28 October 2014 Some 2.6 million children have sunk below the poverty line in the world’s most affluent countries since 2008, negatively impacted by the wave of recessions that rippled through their economies following the meltdown of blue chip financial intuitions, according to a new United Nations Children’s Fund (UNICEF) report out today.
“Many affluent countries have suffered a great leap backwards in terms of household income, and the impact on children will have long-lasting repercussions for them and their communities,” said Jeffrey O’Malley, UNICEF’s Head of Global Policy and Strategy in a press release.
The findings were published in a new report released by the agency, which ranks 41 countries in the Organisation for Economic Co-operation and Development (OECD) and the European Union according to whether levels of child poverty have increased or decreased since 2008.
The new Innocenti Report Card 12, Children of the Recession: The impact of the economic crisis on child well-being in rich countries, reveals that child poverty has increased since 2008 in 23 of 41 countries analyzed, bringing the total number of children in the developed world living in poverty to 76.5 million.
Report Card is the one UNICEF flagship publication devoted to children in the developed world. The new survey does not deliver many passing grades as it offers a sobering look at how child poverty has changed compared to fixed 2008 levels.
According to UNICEF, there is real concern that widening poverty gaps, young people not in education, employment or training and staggering declines in years of income progress are causing long term structural changes that will set children back significantly in the developed world.

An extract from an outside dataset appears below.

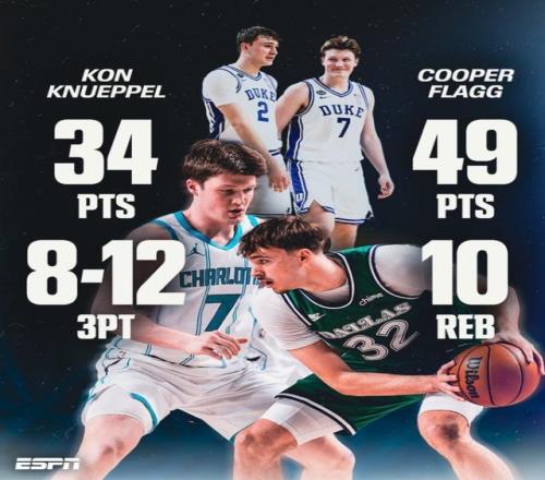 “我們兩個(gè)以后都會(huì)回味這一戰(zhàn),回味這一年,這段記憶將伴隨我們整個(gè)人生。能有這樣的機(jī)會(huì)真的很特別。”弗拉格賽后說(shuō)道。 克尼普爾則被問(wèn)到自己在最佳新秀榜上還領(lǐng)先弗拉格的問(wèn)題:“我們倆都想贏,但我們沒(méi)有聊這個(gè),這是一場(chǎng)精彩的比賽。我覺(jué)得他拿到49分10籃板之后應(yīng)該會(huì)在最佳新秀榜上反超我了,如果他最終拿獎(jiǎng),我會(huì)為他感到開(kāi)心的?!?/p> 這可不僅僅是兩位青年才俊惺惺相惜的故事,兩個(gè)人是實(shí)打?qū)嵉暮糜?,一年之前,他們還是睡在一個(gè)房間里的死黨。 上天注定的最佳新秀之爭(zhēng) 時(shí)間倒回2024年秋天,弗拉格和克尼普爾是杜克大學(xué)的兩名大一新生,二人同為五星高中生,證明著那一屆球隊(duì)的招募工作有多成功。 彼時(shí),弗拉格已經(jīng)是聞名全美的天才少年,夏天在拉斯維加斯舉行的美國(guó)男籃奧運(yùn)訓(xùn)練營(yíng)中,他與詹姆斯、庫(kù)里、濃眉等NBA巨星同場(chǎng)對(duì)抗,一戰(zhàn)成名。杜克大學(xué)總經(jīng)理瑞秋·貝克形容道:“弗拉格在旅程開(kāi)始之前就已經(jīng)被視為一個(gè)傳奇了?!?/p>

The score card shows that rates were highest in the Mediterranean region, rising by more than 50 per cent in Croatia, Greece, Iceland, Ireland and Latvia. Indeed, in Greece in 2012 median household incomes for families with children sank to 1998 levels – the equivalent of a loss of 14 years of income progress. By this measure Ireland, Luxembourg and Spain lost a decade; Iceland lost 9 years; and Italy, Hungary and Portugal lost 8.
The report notes that in the United States, where extreme child poverty has increased more in this downturn than during the recession of 1982, social safety net measures provided important support to poor working families but were less effective for the extreme poor without jobs. Child poverty has increased in 34 out of 50 states since the start of the crisis.
Underscoring that the strength of social protection policies is a decisive factor in poverty prevention, Mr. O’Malley called on wealthy countries to “lead by example, explicitly committing to eradicate child poverty, developing policies to offset economic downturns, and making child well-being a top priority.”
He noted that while early stimulus programmes in some countries were effective in protecting children, by 2010 a majority of countries pivoted sharply from budget stimulus to budget cuts, leading to negative impacts for children.
“All countries need strong social safety nets to protect children in bad times and in good,” he stressed.
The report also found that child poverty actually fell in 18 countries, sometimes markedly. In particular, rates fell by about 30 per cent in Australia, Chile, Finland, Norway, Poland and the Slovak Republic.